A Transcript of Air Marshal Garrod’s Speech.
This is a transcript of the image of Air Marshal Garrod’s Speech in the Ernie’s War blog.
Speech by Air Marshal Garrod, C.B., O.B.E., M.C., D.F.C.
“Cadets of the Air Training Corps, I bring you hearty greetings from the Air Council, and I bring the Air Council’s special congratulations on the splendid way in which you have answered the appeal for the Air Training Corps. You have taken the first step along the Royal Road to the Royal Air Force, and I want to wish you the best of luck on your journey. In the Air Training Corps we are trying you with the earliest parts of your training so that when you come into the Service you will find that you are already well on the way. Your task will be simpler then and you will be ready all the sooner to play your part.
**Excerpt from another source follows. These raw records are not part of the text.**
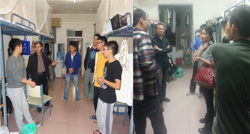 党政领导在辅导员的陪同下分头走访了学院莲华校区学生宿舍。
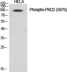 Phospho-PKD2 (S876) Polyclonal Antibody detects endogenous levels of PKD2 protein only when phosphorylated at S876.
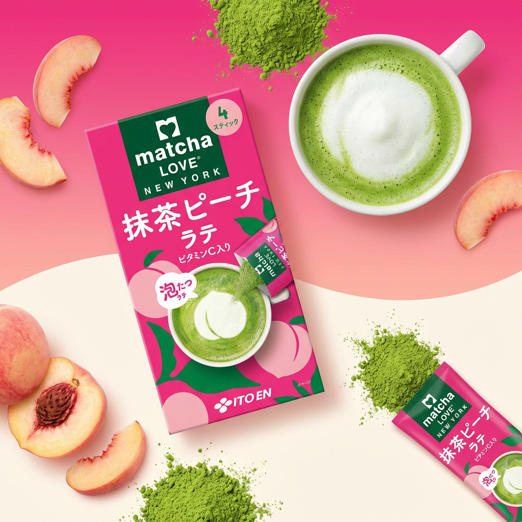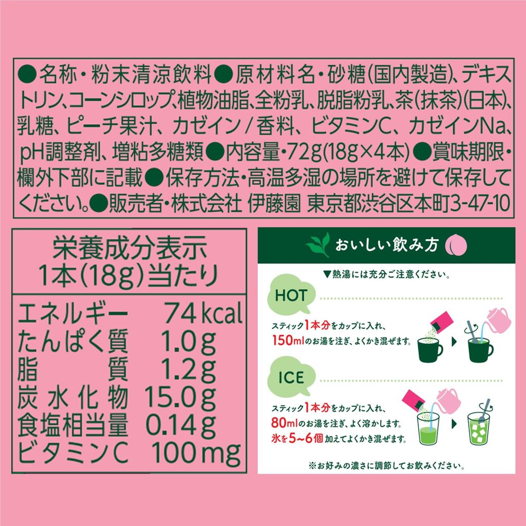 Itoen Matcha Peach Latte Stick Powder - 18g x 4 Pack - Instant Mix
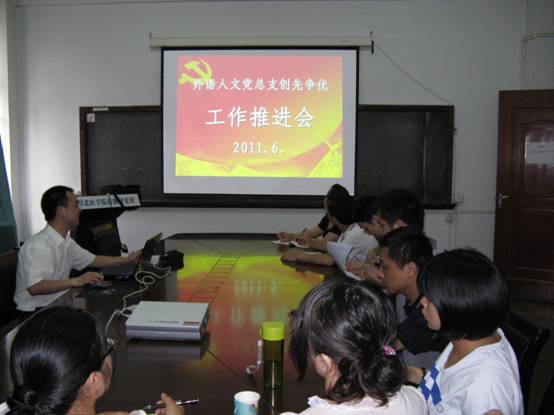 日前,外语人文党总支在药物研究所会议室召开创先争优工作推进会,该总支全体总支委员、各党支部书记及支部委员、学生科辅导员等参会。
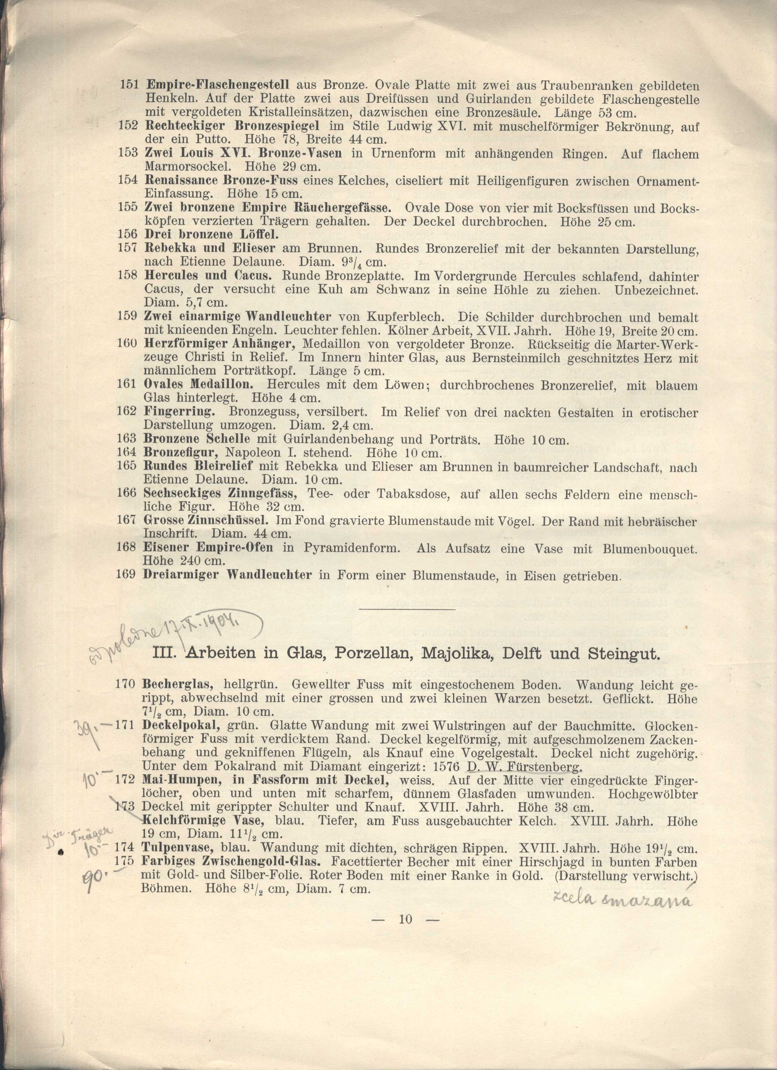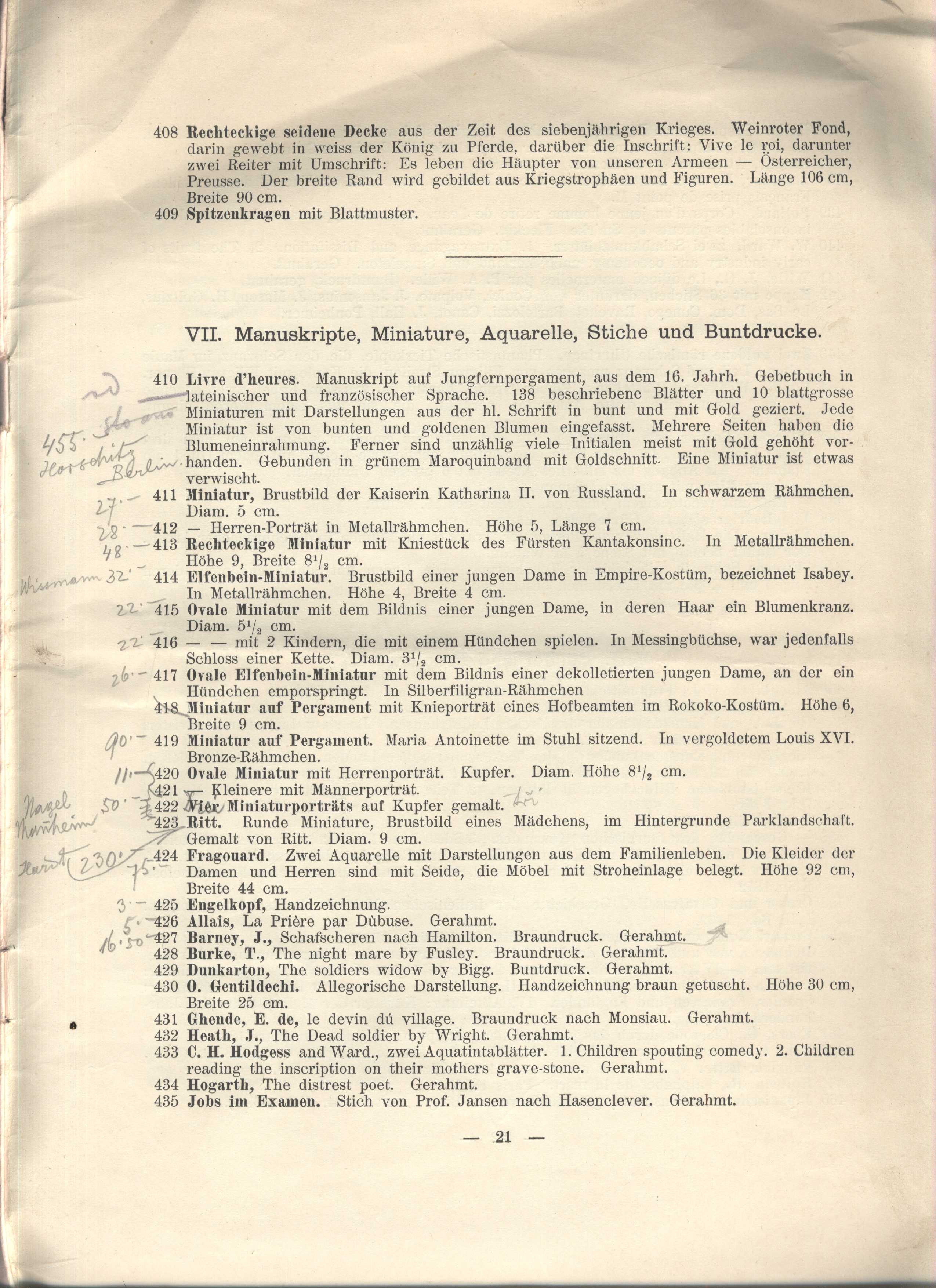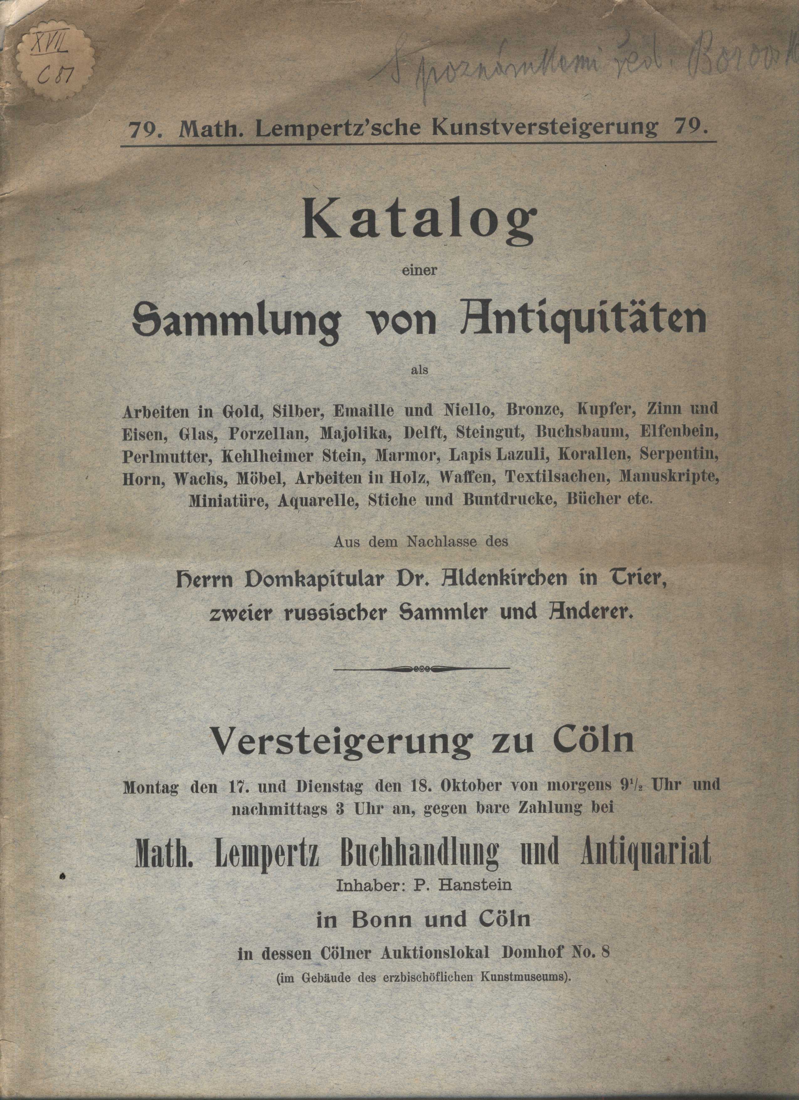 Názvové údaje Antiquariats-Katalog Nr. 173 : Kunst : Kunstgewerbe : Illustrierte Bücher Záhlaví-korpor. Der Bücherwurm. Buchhandlung. Antiquartiat. G. Lübke (Berlin, Německo) (Autor) (Nakladatel, vydavatel) Nakladatel Berlin : Der Bücherwurm, [po r. 1922] Rozsah 114 s. Klíčová slova německá literatura * katalog * stol. 20., léta 20. * katalog knih * antikvariáty * umělecká literatura * umělecká publikace * umělecký průmysl Počet ex. 1, z toho volných 1 Druh dok. monografie Signatura KaG XVII C 275 Názvové údaje XIV=14. aukce : Knihovna Arnošta Procházky : třetí část : 4. a 5. května 1928 : hotel "Beránek" na Kr. Vinohradech / [sestavili Miloslav Novotný a Karel Zink ; obálku a frontispic do dřeva ryl František Kobliha ; kromě obyčejného vydání vytištěno 50 exemplářů na holandském ručním papíru s původním leptem T. F. Šimona] Záhlaví-akce XIV=14. aukce (Knihovna Arnošta Procházky) (část třetí) (4.-5. 5. 1928 : Hotel Beránek, Praha, Česko) Další autoři Zink, Karel, 1889-1975 (Sestavovatel, kompilátor) (Nakladatel, vydavatel) (Autor podpisu) Novotný, Miloslav, 1894-1966 (Sestavovatel, kompilátor) (Autor podpisu) Kobliha, František, 1877-1962 (Autor obálky) (Grafický technik) (Ilustrátor) (Autor podpisu) Šimon, Tavík František, 1877-1942 (Grafický technik) Karásek ze Lvovic, Jiří, 1871-1951 (Autor podpisu) Korp. Karel Zink (Praha, Česko) (Nakladatel, vydavatel) Státní tiskárna v Praze (Tiskař) Nakladatel V Praze : Karel Zink, 1928 Výrobce (Tiskem Státní tiskárny) Rozsah [92] s., [2] l. obr. příl. : il. Osobní hesla Procházka, Arnošt, 1869-1925 - básník, esejista, literární a výtvarný kritik, překladatel Klíčová slova česká literatura * katalog * vzácné knihy * bibliofilie * autografy * aukce * katalog knih * vzácné tisky * aukční katalog * autografy spisovatelů * aukční katalog knih * bibliofilská vydání * bibliofilské tisky * věnování * světová literatura * francouzská literatura * německá literatura * holandská literatura * rakouská literatura * polská literatura * španělská literatura * portugalská literatura * italská literatura * stol. 20., léta 20. * r. 1928 * soukromé knihovny Počet ex. 1, z toho volných 1 Druh dok. monografie Signatura KaG XVII B 30/14 Názvové údaje "Fremde Nähe" - Celan als Übersetzer : eine Ausstellung des Deutschen Literaturarchivs in Verbindung mit dem Präsidialdepartement der Stadt Zürich im Schiller-Nationalmuseum Marbach am Neckar und im Stadthaus Zürich / [Ausstellung und Katalog Axel Gellhaus ... et al. ; Photoarbeiten: Mathias Michaelis] Záhlaví-akce "Fremde Nähe" - Celan als Übersetzer (1997-1998 : Marbach (Německo), Zürich (Švýcarsko)) Další autoři Gellhaus, Axel, 1950- (Sestavovatel, kompilátor) Michaelis, Mathias (Fotograf) Nakladatel Marbach am Neckar : Deutsche Schillergesellschaft, c1997 Rozsah 623 s. : il., portréty, faksim. Osobní hesla Celan, Paul, 1920-1970 - rumunský židovský spisovatel a překladatel Klíčová slova německá literatura * němečtí spisovatelé * židovští spisovatelé * stol. 20. * Celan P. * katalogy výstav * Marbach * r. 1997-1998 Počet ex. 1, z toho volných 1 Druh dok. monografie Signatura R&AHamanovi 0047 Názvové údaje Katalog einer Sammlung von Antiquitäten : als Arbeiten in Gold, Silber, Emaille und Niello, Bronze, Kupfer, Zinn und Eisen, Glas, Porzellan, Majolika, Delft, Steingut, Buchsbaum, Elfenbein, Perlmutter, Kehlheimer Stein, Marmor, Lapis Lazuli, Korallen, Serpentin, Horn, Wachs, Möbel, Arbeiten in Holz, Waffen, Textilsachen, Manuskripte, Miniatüre, Aquarelle, Stiche und Buntdrucke, Bücher etc. : aus dem Nachlasse des Herrn domkapitular Dr. Aldenkirchen in Trier, zweir russischer Sammler und Anderer Záhlaví-akce 79. Math. Lempertz'sche Kunstversteigerung (17. - 18. 10. 1904 : Cöln) Další autoři Karásek ze Lvovic, Jiří, 1871-1951 (Autor podpisu) Borovský, František Adolf, 1852-1933 (Autor podpisu) (Dřívější majitel) Korp. Kunsthaus Lempertz (nakladatelství) (Nakladatel, vydavatel) Karl Georgi, Universitäts Buchdruckerei und Verlag, Bonn (Tiskař) Nakladatel Bonn ; Cöln : Math. Lempertz, [1904] Výrobce Karl Georgi, Universitäts Buchdruckerei) Rozsah 23 s. : il. Klíčová slova německá literatura * aukce * aukční katalogy * katalog * katalogy Počet ex. 1, z toho volných 1 Druh dok. monografie Signatura KaG XVII C 81 Názvové údaje Ve světle pravdy : poselství Grálu. Svazek 1 / Abd-ru-shin Autor Abd-ru-shin, 1875-1941 (Autor) Nakladatel Vomperberg, Tirol : Nakladatelství Alexander Bernhardt, 1967 Rozsah stran ; 23,5 cm Klíčová slova německá literatura * filozofie ducha * duchovní literatura * mysticismus * víra * esoterismus Počet ex. 1, z toho volných 1 Druh dok. monografie Signatura M 193 a 21/I Názvové údaje Ve světle pravdy : poselství Grálu. Svazek 2 / Abd-ru-shin Autor Abd-ru-shin, 1875-1941 (Autor) Nakladatel Vomperberg, Tirol : Nakladatelství Alexander Bernhardt, 1977 Rozsah 424 stran ; 23,5 cm Klíčová slova německá literatura * filozofie ducha * duchovní literatura * mysticismus * víra * esoterismus Počet ex. 1, z toho volných 1 Druh dok. monografie Signatura M 193 a 21/II Názvové údaje Ve světle pravdy : poselství Grálu. Svazek 3 / Abd-ru-shin Autor Abd-ru-shin, 1875-1941 (Autor) Nakladatel Vomperberg, Tirol : Nakladatelství Alexander Bernhardt, 1978 Rozsah 468 stran ; 23,5 cm Klíčová slova německá literatura * filozofie ducha * duchovní literatura * mysticismus * víra * esoterismus Počet ex. 2, z toho volných 1, prezenčně 1 Druh dok. monografie Signatura N/A, M 193 a 21/III Názvové údaje Alt-Wien : die Geschichte seiner Kunst : mit 4 Heliogravüren und 36 Vollbildern / von Ludwig W. Abels Osobní jméno Abels, Ludwig W. (Autor) Další autoři Brandstetter, Oscar, činný 1880-1939 (Tiskař) Karásek ze Lvovic, Jiří, 1871-1951 (Autor podpisu) Kor
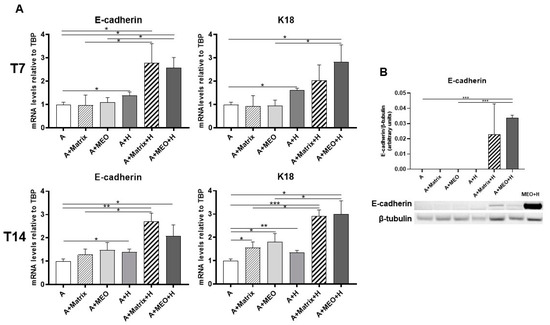 Similar data were obtained at T14, further confirming the involvement of MEOs, Matrigel, and hormones as factors contributing to the increase in gene expression of epithelial markers (Figure 5A, lower panels).
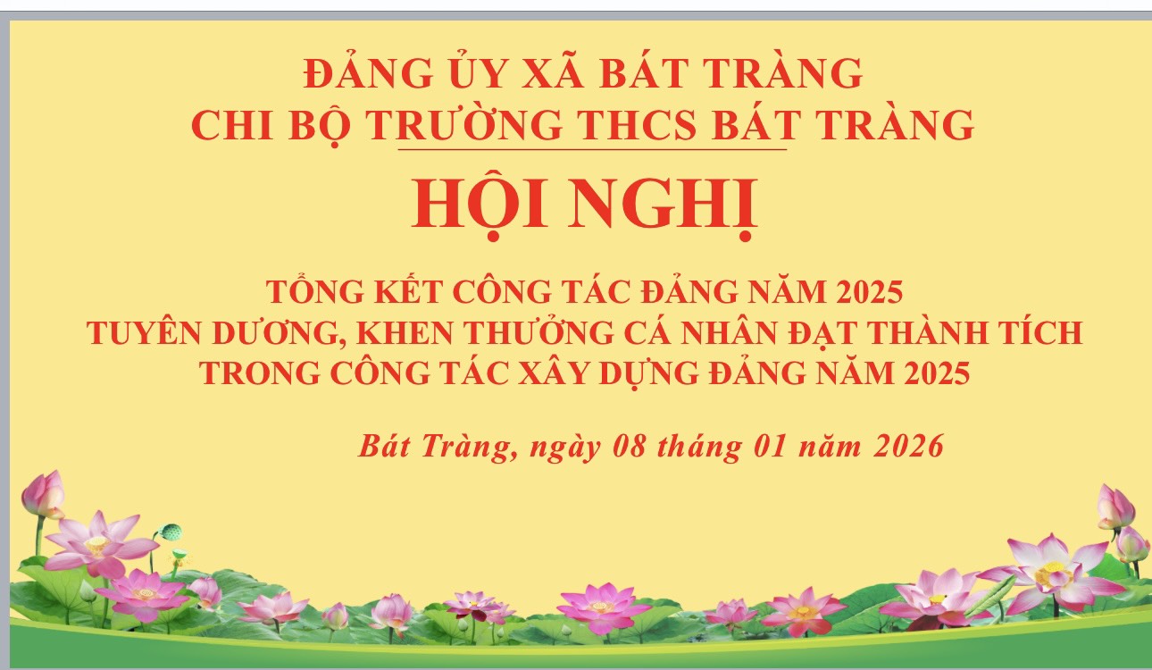 Sáng ngày 8/1/2026, Chi bộ trường THCS Bát Tràng tổ chức Hội nghị tổng kết và khen thưởng cá nhân đạt thành tích xuất sắc trong công tác Đảng năm 2025. Hội nghị tổng kết trong năm 2025, chi bộ đã được Đảng uỷ xã đánh giá xếp loại chi bộ hoàn thành xuất sắc nhiệm vụ. Chi bộ đã tuyên dương, khen thưởng cho các đồng chí đảng viên hoàn thành xuất sắc nhiệm vụ và hoàn thành tốt nhiệm vụ trong công tác xây dựng Đảng năm 2025. Hội nghị đã ghi nhận sự nỗ lực, cố gắng của tập thể chi bộ cũng như các đ/c đảng viên trong các hoạt động của Đảng như sinh hoạt chi bộ, thực hiện công tác xây dựng Đảng và các nhiệm vụ chuyên môn khác,…

The Air Training Corps has been formed primarily for air crews, but we wanted also to give training for all branches of the Royal Air Force. I have no doubt that it is the ambition of most of you to become pilots, observers, wireless operators or air gunners. That is a grand ambition to have and there will be room for all of you who can qualify for these duties. But aeroplanes cannot be kept in the air without a ground staff. Those who fly in the aeroplanes will be the first to stress the importance of the work done by the ground staff, for their own lives depend on this work. For this reason, we require men with high qualities of intelligence and akill and character for our maintenance work. This work is just as important as that of the men who fly. It is up to the mechanics to see that each aeroplane is mechanically perfect before it leaves the ground. Work in the Air Force, whether in the air or on the ground, is more individual and and supervision is less close and constant than in most other walks of life. Each of you must have the highest individual standards of personal efficiency, both in your training and in your general habits. Each of you must be fired with enthusiasm to maintain and raise the standards; the prompting must come from within you. We do not want men who have got to be constantly urged on by others. There may be times when you feel tired and you will be tempted to say, “What I have done is good enough; I will take a chance on the rest.” Such an attitude of mind, whether in an air crew or in a maintenance crew, is not only useless; it is dangerous, for it may risk the lives of others. If you want to be an airman, you must make up your mind that you will never be content with anything less than the best you can give. In the Royal Air Force this ideal comes first before any thought of your own comfort or your own safety. You cannot do this without training and hard work. The Royal Air Force wants the best. Our standards are high, and we want to see you all make the grade; that is why we started the Air Training Corps, so don’t be afraid of hard work; whether it is of drill or lectures or practical training, the goal is worth the effort.
I welcome you to the Air Training Corps. There is an equally warm welcome waiting for you in the Royal Air Force when the time comes. We are a Service of volunteers, enthusiasts and of pioneers. The Royal Road is open. Good luck to you in your great adventure!”